The State Consumer Disputes Redressal Commission has asked the BMC to modify its development control rules which currently allow a builder get away with fewer car spaces than required. The builders eventually charge for the parking lots over and above the price of the apartment. According to the Supreme Court order which says that under the Maharashtra Ownership Flats Act (MOFA), a promoter has no right to sell any portion of a building which does not fall under the definition of a ‘flat’.
The complaint was made by two senior citizens from Arjun Co-operative Housing Society in Malad where the builder had created only 40 parking spaces as per the sanctioned plans, though he constructed 60 apartments in the redeveloped property. He had then sought to divide even these parking lots between the original habitants of the society did not have parking lots to park their respective cars or bikes.
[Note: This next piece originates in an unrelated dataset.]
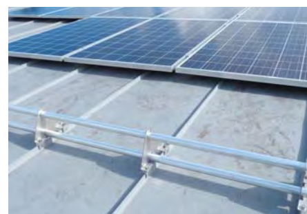
Doppelrohrhalter montiert mit zwei S-5!® E-Mini auf Doppelstehfalz für extra hohen Schneefang, z.B. vor Solaranlagen.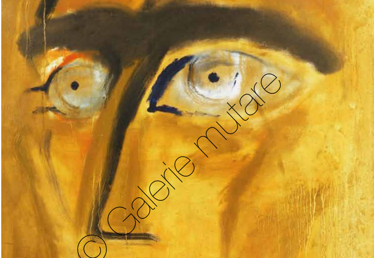
Anton | Öl/Lw (Oil on canvas) | 175 x 93 cm | 1995 | 12.000,- €

While the original inhabitants of the society did not have parking lots, the housing society was trying to sell these spaces at market prices. According to the existing DCR rules, in the suburbs a builder is liable to provide only one parking space for four tenements, each measuring over 35sqm, among other provisons. The SCDRC panel member and former justice AP Bhangale and member Dr. S K Kakade, also asked housing societies to frame laws accordingly, ‘if car parking spaces are in surplus, they can be reserved for visitors. In case parking lots are less, by- laws should be framed in such a way that these are rotated among flat purchasers’.